A Horn & Hardart Mystery
Jellinek and Rosenfelt went to this H&H on Wednesday, July 26, 1933 separately and died just hours apart. And no, it had nothing at all to do with the H&H food.
The incident was reported in The Herald Tribune, The New York Times and The Sun on the following morning. (On the first page of The Sun of that day was an article declaring that cigarettes had gone up to 12 cents a pack and an advertisement for the Arnold Constable department store featuring a “dated shirt”– a man’s dress shirt guaranteed for one year that cost $1, with two collars, $1.25.)

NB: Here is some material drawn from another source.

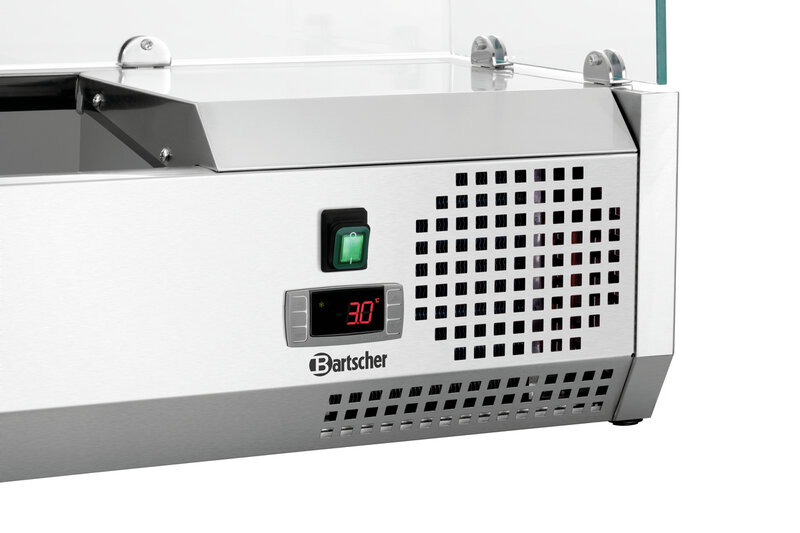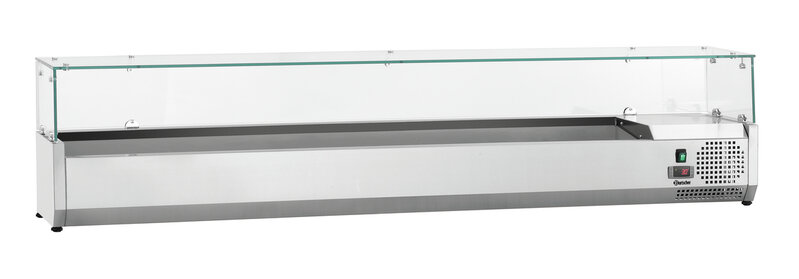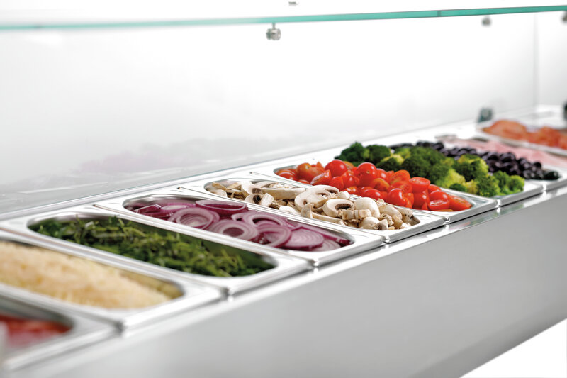 Met ruimte voor maximaal 10x 1/4 GN-containers is de GL3-2005-koelopzetvitrine met glazen opzetelement de perfecte aanvulling op de G-S7T2-pizzakoeltafel.

It seems that Jellinek, an auto mechanic who had his own business on Tenth Avenue, went into the H&H determined to commit suicide. He brought in two rolls from an outside source, sat at a table, took a bite of one of the rolls, immediately took sick and went to the restaurant’s bathroom. A little while later, Lillian Rosenfelt, an eccentric known locally as Lillian Fields, went into the restaurant and before long also became ill. When a customer called an ambulance from Knickerbocker Hospital (then located on Convent Avenue) a Dr. Wandik arrived. While Wandik was attempting to treat Rosenfelt, a man ran up from the basement bathroom to say that he had found Mr. Jellinek lying on the floor. At this point, someone went to get Dr. Harry March, a former physician to the New York Giants football team, who lived around the corner at 236 West 103rd Street. In spite of the efforts of the two doctors, Jellinek died on the spot and Rosenfelt died a few hours later at the hospital.
An autopsy was performed by a Dr. Gonzales who announced that they had both died of cyanide poisoning. The medical examiner confessed that he didn’t “know what to make of it.”

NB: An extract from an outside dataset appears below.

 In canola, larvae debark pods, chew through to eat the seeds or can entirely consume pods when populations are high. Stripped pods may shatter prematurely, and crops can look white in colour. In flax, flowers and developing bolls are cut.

The investigation that followed revealed that Jellinek had been ill for weeks and depressed about business—not surprising in 1930′s New York. His wife and son, an 18 year old student at NYU, were “prostrate and would tell the police nothing” when they visited their apartment on 170th Street.
It was discovered that Rosenfelt, the daughter of a real estate operator in New York and Boston, had been living down the block from H&H in a dingy cellar room filled with junk. In the junk, police found five bank books with a total of $45,000 in savings.
When the story was pieced together, it was determined that Jellinek and Rosenfelt did not know each other. In fact, Rosenfelt’s estranged sister said that it was “preposterous” to think that her sister might have been a friend of Jellinek’s because she was a “man-hater.”
The police theorized that Jellinek, determined to commit suicide, brought in two rolls with cyanide on them. He ate half of one. Rosenfelt then passed the table, saw the rolls, put one in her bag for later and ate the other “thinking she would save a nickel on her breakfast.”
From 1953 to now
After H&H closed, the building had $10,000 of alterations done, the counters and stairs to the mezzanine were removed and a full floor was created on what was the mezzanine. The second and third stories were converted to office space. For a short time the Bloomingdale Branch of the library’s children’s room was here, then a succession of other enterprises including a number of supermarkets, a coffee shop, a pizzeria and finally Rite Aid rented the first floor.
Over the years, the upper floors have been rented by a Mr. Universe Health Studio, a secretarial school, an art gallery, accounting and law offices and El Taller, a nonprofit arts and education center that is still there. The for-sale sign that was on the building until recenly is no longer there, so hopefully it has been sold to someone who will unwrap its first floor. That way we can get an idea of how it looked to West Siders 82 years ago.